The study’s findings are described as “important” by the authors of an accompanying editorial, who suggest that cost savings achieved with effective two-drug therapy could be used to improve rates of engagement and retention in care, both key to controlling the HIV epidemic in the US.
First-line HIV therapy normally consists of three drugs from two separate antiretroviral classes. This treatment usually costs upwards of $30,000 per patient, per year.
Results of a pilot study presented to the 15th European AIDS Conference this year showed that first-line treatment with two just two drugs – the potent integrase inhibitor dolutegravir with lamivudine – had excellent virological efficacy over 48 weeks, with a favourable safely/toxicity profile. Full results will be published in 2016.

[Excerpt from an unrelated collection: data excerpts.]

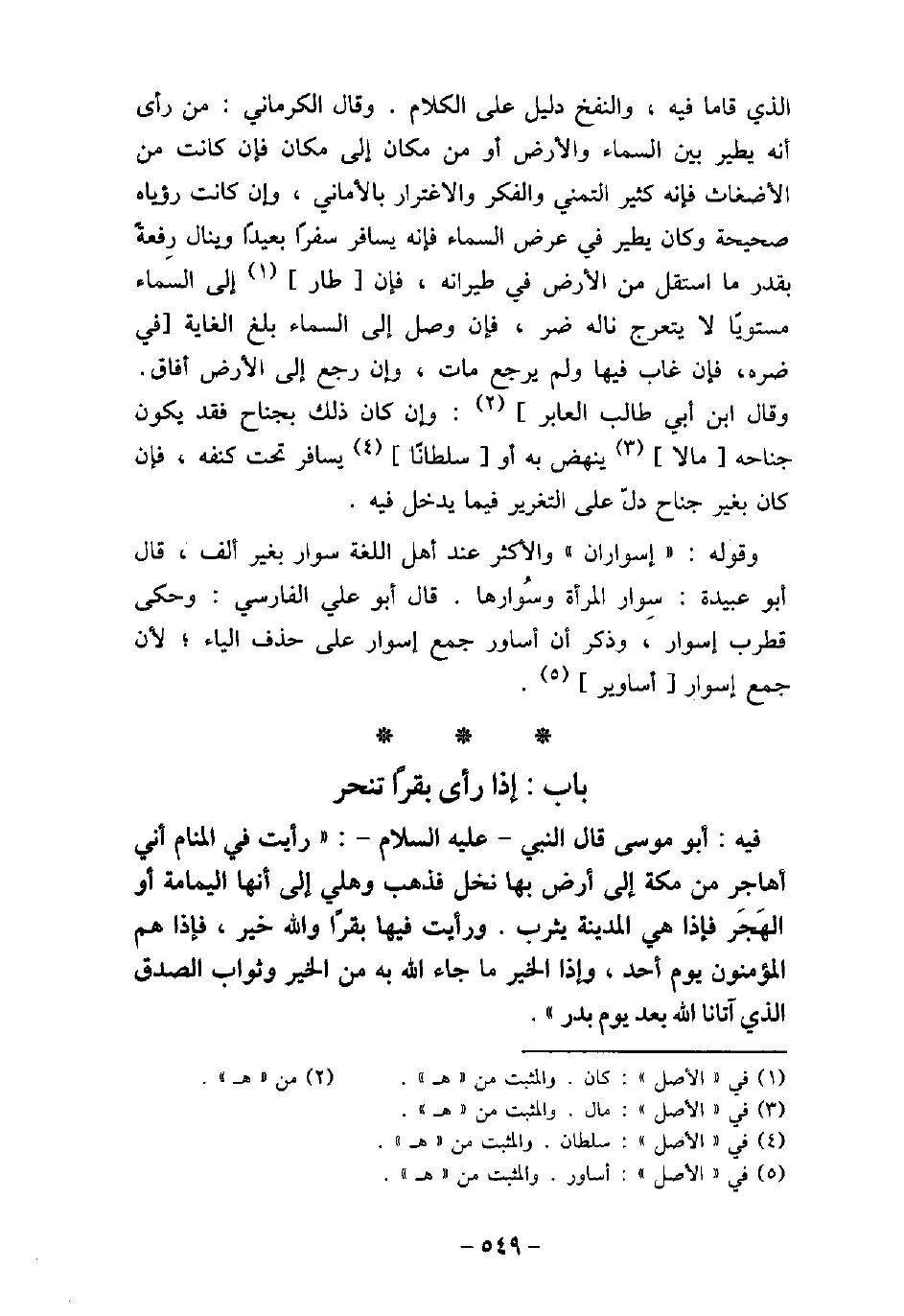 الذي قاما فيه، والنفخ دليل على الكلام. وقال الكرمانى: من رأى أنه يطير بين السما والأرض أو من مكان إلى مكان فإن كانت من الأضغاث فإنه كثير التمنى والفكر والاغترار بالأمانى، وإن كانت رؤيا صحيحة وكان يطير فى عرض السما فإنه يسافر سفرًا بعيدًا وينال رفعة (بقدر ما استقل من الأرض فى طيرانه، فإن طار إلى السماء مستويا لا يتعرج ناله ضر، فإن وصل إلى السماء بلغ الغاية فى ضره، فإن غاب فيها ولم يرجع مات، وإن رجع إلى الأرض أفاق) . وقال ابن أبى طالب العابر: وإن كان ذلك بجناح فقد يكون جناحه مالا ينهض به أو سلطانًا يسافر تحت كنفه، فإن كان بغير جناح دل على التغرير فيما يدخل فيه. وقوله: (سواران) والأكثر عند أهل اللغة سوار بغير الف، قال أبو عبيدة: سوار المرأة وسوارها. قال أبو على الفارسى: وحكى قطرب إسوار، وذكر أن اساور جمع إسوار على حذف الياء؛ لأن جمع إسوار أساوير.
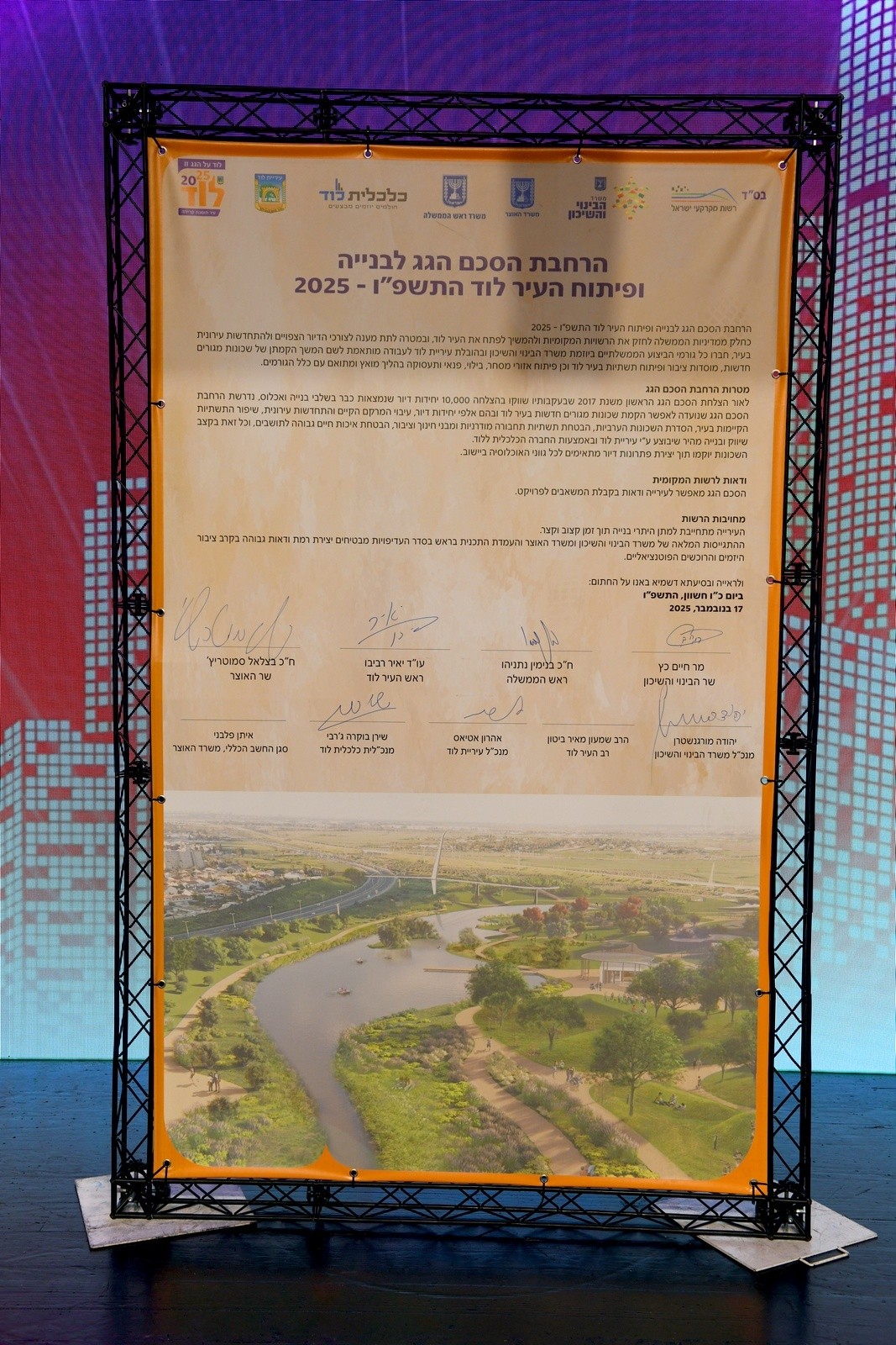לוד על הגג 2: עיריית לוד ומדינת ישראל חתמו על הסכם גג שני - השקעה של 5.8 מיליארד ₪. פני העיר כעת אל המשימה המרכזית של העשור הבא - ההתחדשות העירונית, 21,200 יחידות דיור בהתחדשות עירונית והשקעות אדירות בלב העיר הוותיקה,  6,800 יח"ד בשכונות חדשות, פיתוח LODCATION – אזור העסקים, המסחר והתעסוקה בצפון העיר, הקמת ארנה בינלאומית, הקמת מתחם גולף יוקרתי באזור גינתון, ומשכן לאומנויות הבמה בלב העיר העתיקה ● לוד עושה היסטוריה ומציגה את חזון העתיד של ישראל"
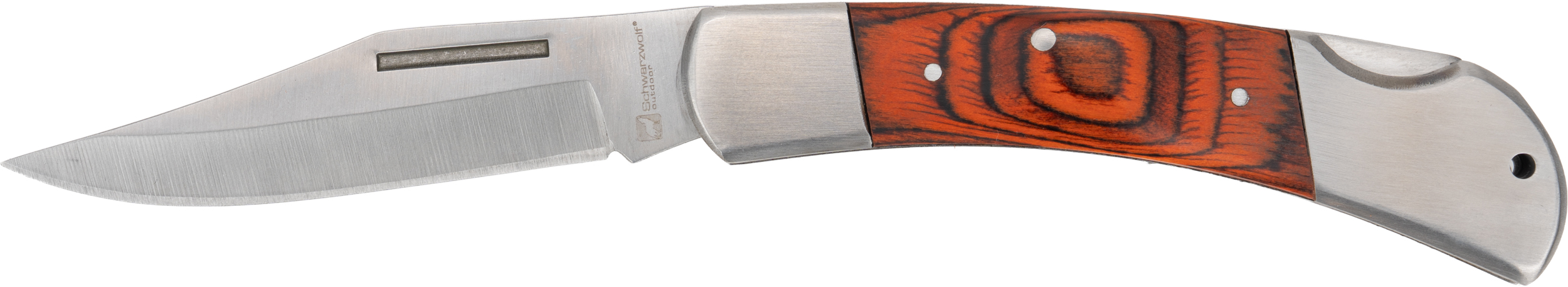 Składany nóż wykonany ze stali nierdzewnej, z drewnianą rękojeścią i blokadą bezpieczeństwa.
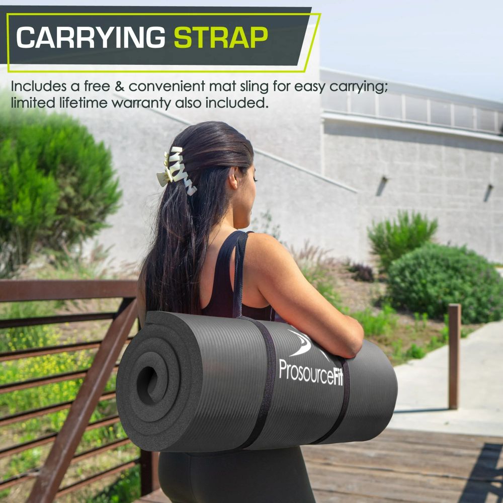 Enjoy your yoga or Pilates practice without having to bunch up towels to put under your knees or back. Get all of the comfort and cushion you need from the ProsourceFit Extra Thick Yoga and Pilates Mat. 1-inch (25mm) thick foam for the protection you need for floor exercises. The 1-inch creates a barrier between you and hard floors so you can do camel pose, boat pose, the Pilates 100, or cat cow without discomfort. Have super sensitive joints or recovering from a recent injury? The 1-inch provides superior comfort so working out doesn’t have to be painful. At almost 6-feet long, this mat suits most anyone, even tall users. Ribbed NBR foam provides a non-skid mat surface for fitness and exercise of various types and it is naturally moisture-resistant. It’s easy to clean and roll up after working out and it comes with a free mat sling to make it easy to carry to and from your yoga or Pilates workout session! Care Instructions: Wipe mat with wet cloth or sponge. Allow plenty of time to dry. Not machine washable For questions or concerns, please contact customer service: (855) 552-2637. We are open Monday – Friday from 8:30AM – 4:30PM Pacific Standard Time
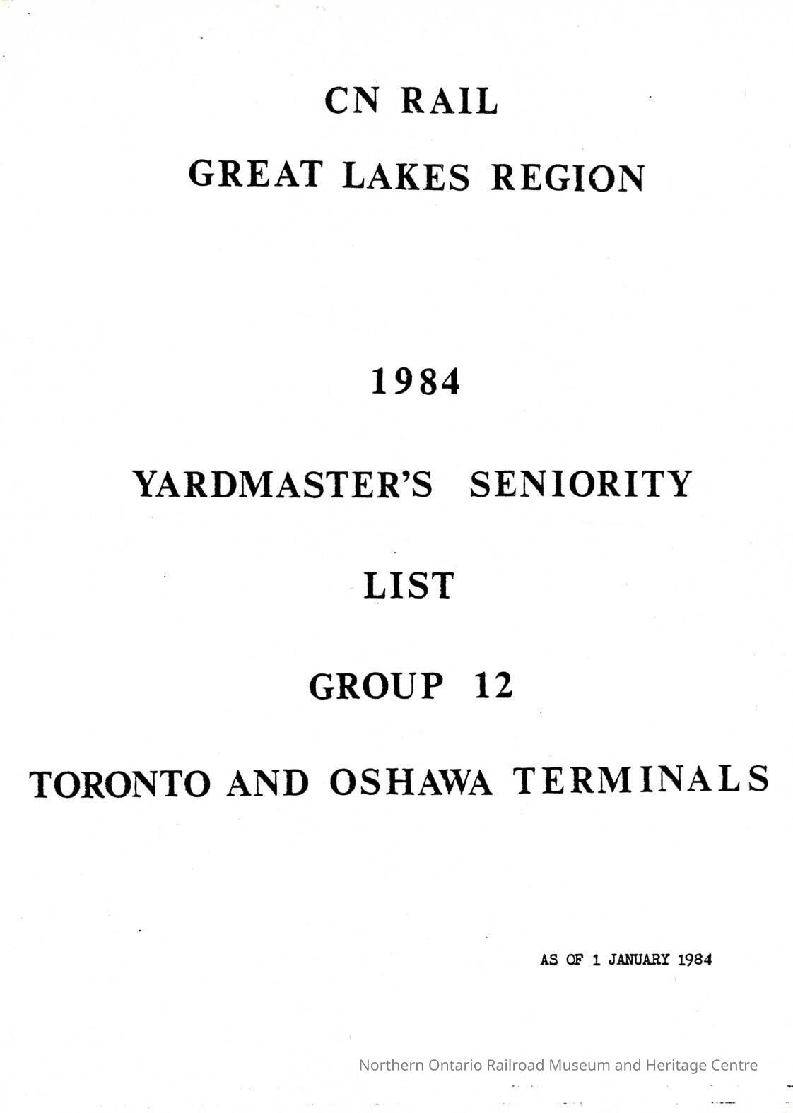 CN Rail, Great Lakes Region, 1984, Yardmaster's Seniority List, Group 12, Toronto and Oshawa Terminals.Collection
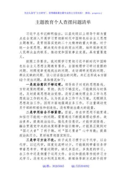 / 主题教育个人查摆问题清单

Investigators wanted to see if this two-drug combination would be cost effective and estimate the potential savings that would be achieved if it were used in first-line treatment strategies.
They constructed a model involving four treatment strategies for treatment-naïve patients in the US.
- No treatment – for modelling comparison.
- Initial treatment with dolutegravir and lamivudine.
- Induction and maintenance therapy – an initial three-drug regimen of dolutegravir/abacavir/lamivudine, followed by maintenance therapy with dolutegravir-lamivudine for patients with virological suppression after 48 weeks of induction therapy.
- Standard of care - three-drug therapy with dolutegravir/abacavir/lamivudine.
The authors calculated the incremental cost-effectiveness ratios (ICERs) for each strategy compared to the next least expensive strategy. A strategy was regarded as cost-effective if its ICER was below the accepted threshold of $100,000 per quality-adjusted life year (QALY). A quality-adjusted life year in health economic terms is a year of perfect health and the ICER is the extra cost of buying a year of perfect health with a new intervention compared to the existing standard of care.
It was estimated that 93% of patients would have virological suppression after 48 weeks of three-drug treatment. The investigators adopted a cautious approach to the efficacy of two-drug therapy, assuming that 87% of patients would have a viral load below 50 copies/ml after starting treatment with this combination. They also assumed a virological failure rate of 0.6% per month for patients taking two-drug maintenance therapy; this compared to a monthly failure rate of just 0.1% for patients receiving the standard of care.
After applying discounts, the cost of annual treatment with dolutegravir/abacavir/lamivudine was input at $24,500, and annual treatment with dolutegravir-lamivudine was calculated as costing $15,200.
The five-year survival rate was 90% for standard of care, induction and maintenance therapy and two-drug treatment. The proportion of patients remaining on first-line treatment at year five ranged from 97% for patients receiving standard of care to 89% for patients who received initial two-drug therapy.
Compared to no treatment, the ICER for induction and maintenance therapy was $22,500/QALY. Compared to induction and maintenance therapy, the ICER for standard of care was over $500,000/QALY and was not cost effective. The clinical and economic outcomes of two-drug treatment were almost identical to those for induction and maintenance therapy (ICER compared to no therapy, $26,000/QALY).
A 50% uptake by patients starting ART of either induction-maintenance therapy or two-drug therapy was calculated to achieve five-year cost savings of $550 million and $800 million, respectively. Savings reached $3 billion if 25% of currently suppressed patients switched to dolutegravir-lamivudine.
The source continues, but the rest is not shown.